Together with Hawking and Andrew Strominger , he proposed in 2016 that black holes store information near their event horizon (in the form of soft photons , i.e. those with vanishing energy) and thus still have soft hair (in contradiction to the no-hair theorem), what according to Hawking is a new approach to solving the information paradox of black holes. The essay builds on the work of Hermann Bondi and others in the 1960s, which Strominger had previously taken up to show that the vacuum in quantum gravity is highly degenerate (connected by BMS symmetries), which eliminates a requirement for the information paradox.
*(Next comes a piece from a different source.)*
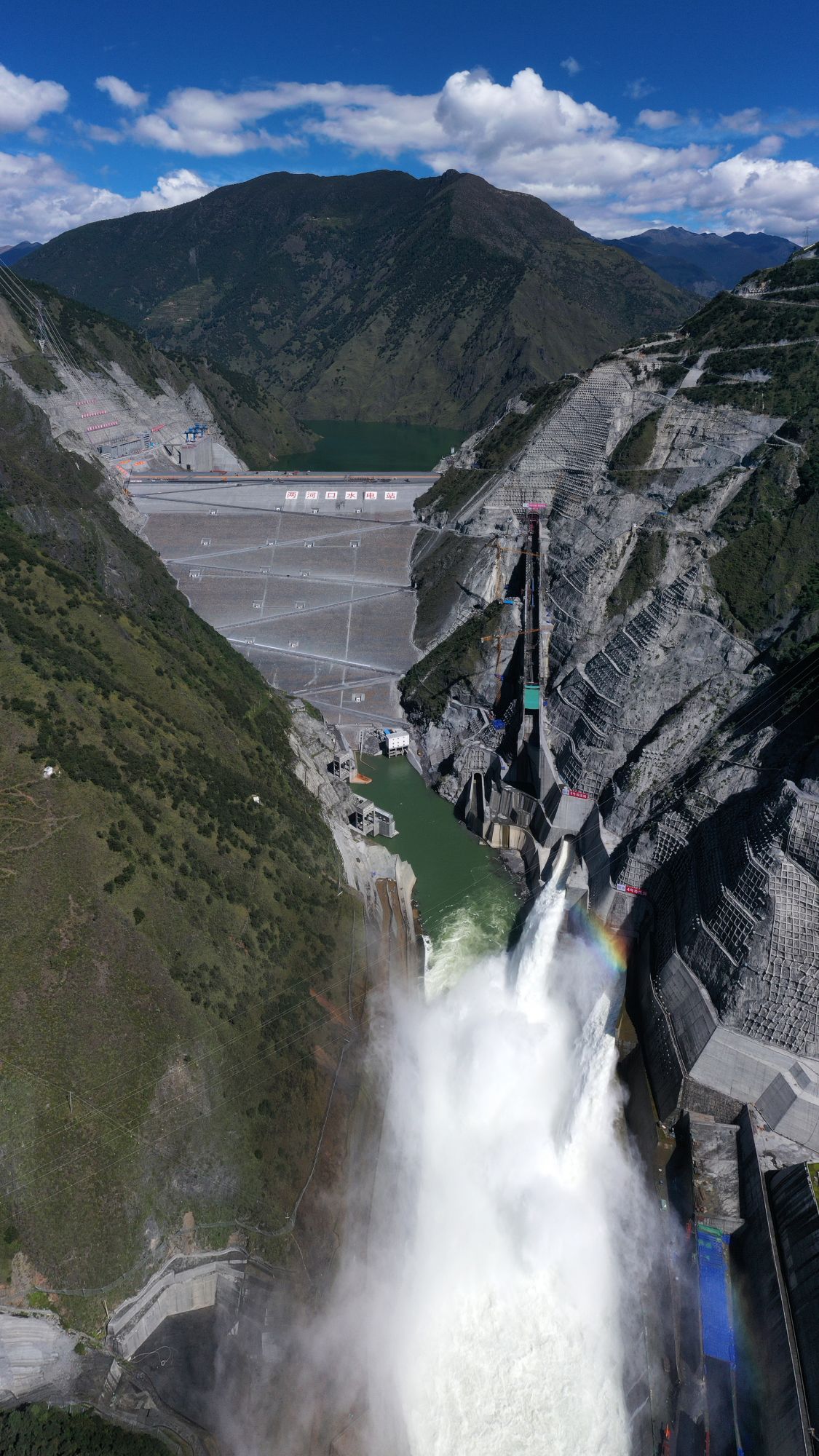 ↑这是2021年9月23日拍摄的正在泄洪的雅砻江两河口水电站。
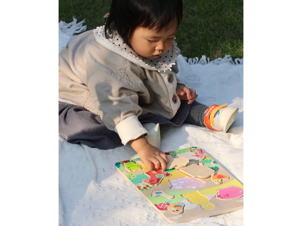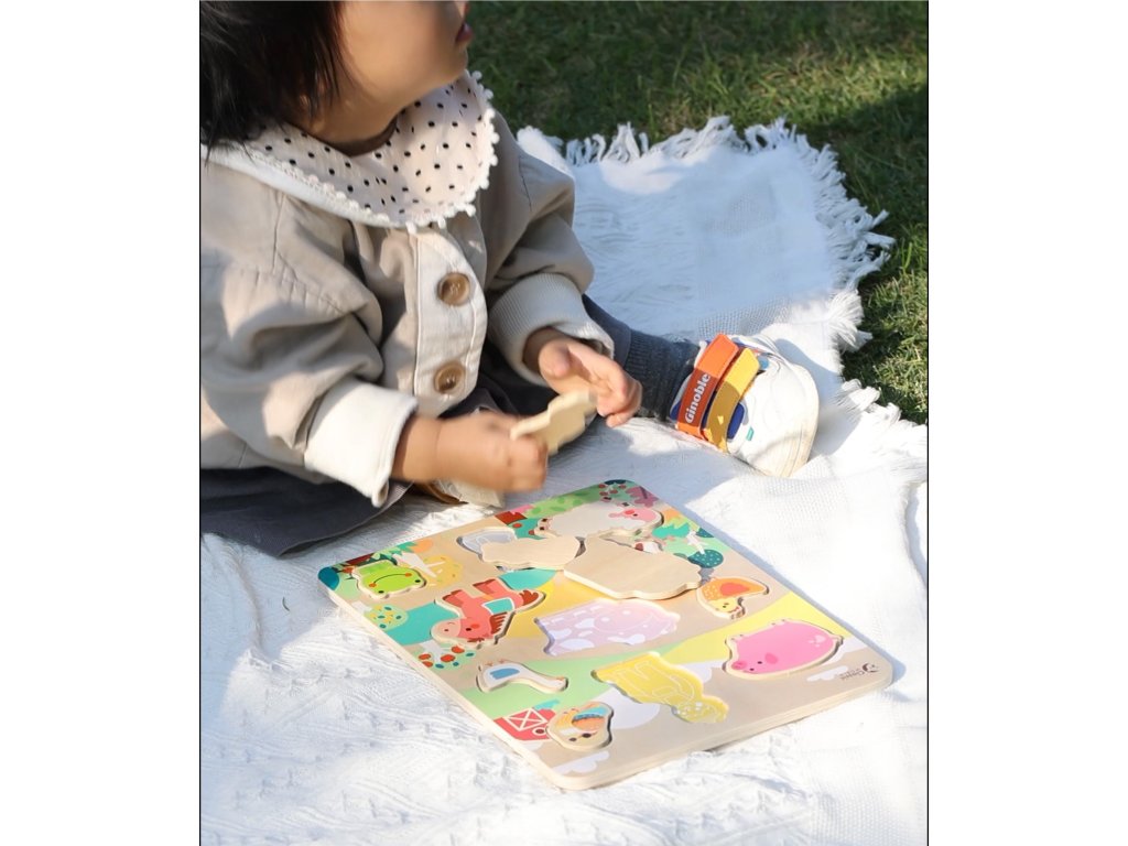 Farebná skladačka s motívom farmy obsahuje drevené figúrky zvierat, ktoré sa dajú priradiť k doske. Je vyrobená z bezpečného dreva, rozvíja manuálne zručnosti, koordináciu ruka-oko, predstavivosť a učí rozpoznávať zvieratá.

Together with colleagues, he proposed a model of inflation without a fundamental scalar field (inflaton), gave arguments against Andrei Linde's idea of ​​perpetual inflation and against the anthropic principle , which is superfluous in string theory.

Fonts

  • with GW Gibbons, SW, Hawking: Path Integrals and the Indefiniteness of the Gravitational Action, Nucl. Phys. B, Volume 138, 1978, pp. 141-150.
  • with GW Gibbons, SW Hawking, Gary Horowitz : Positive mass theorems for black holes, Comm. Math. Phys., Vol. 88, 1983, pp. 295-308
  • with David Gross : Magnetic Monopoles in Kaluza-Klein Theories, Nucl. Phys. B, Vol. 226, 1983, pp. 29-48
  • with C. Callan, E. Martinec, D. Friedan: Strings in background fields, Nucl. Phys. B, Volume 262, 1985, pp. 593-609.
  • with Robert C. Myers: Black Holes in Higher Dimensional Space-Times, Annals of Physics, Volume 172, 1986, pp. 304-347
  • with David Berman: Generalized geometry and M theory, JHEP 1106: 74, 2011, Arxiv .
  • with S. Hawking, Andrew Strominger : Soft Hair on Black Holes, Phys. Rev. Lett., Volume 116, 2016, p. 231301, Arxiv

Web links

Individual evidence

  1. Malcolm J. Perry in the Mathematics Genealogy Project (English)Template: MathGenealogyProject / Maintenance / id used
  2. Soft hairs help resolve the black-hole information paradox , Physics World, June 8, 2016
  3. Dennis Overbye, No Escape From Black Holes? Stephen Hawking Points to a Possible Exit, NY Times, July 6, 2016
  4. Andrew Strominger, Alexander Zhiboedov: Gravitational Memory, BMS Supertranslations and Soft Theorems , 2014
  5. Perry, Scott Watson, Fred Adams, Gordon Kane: Inflation without Inflaton (s) , Journal of Cosmology and Astroparticle Physics, 2007
  6. Laura Mersini-Houghton, Perry, The end of eternal inflation , Classical and Quantum Gravity 31, 2014, p. 165005
  7. Gordon Kane, Perry, Anna Żytkow, The Beginning of the End of the Anthropic Principle , New Astron. 7, 2002, pp. 45-53.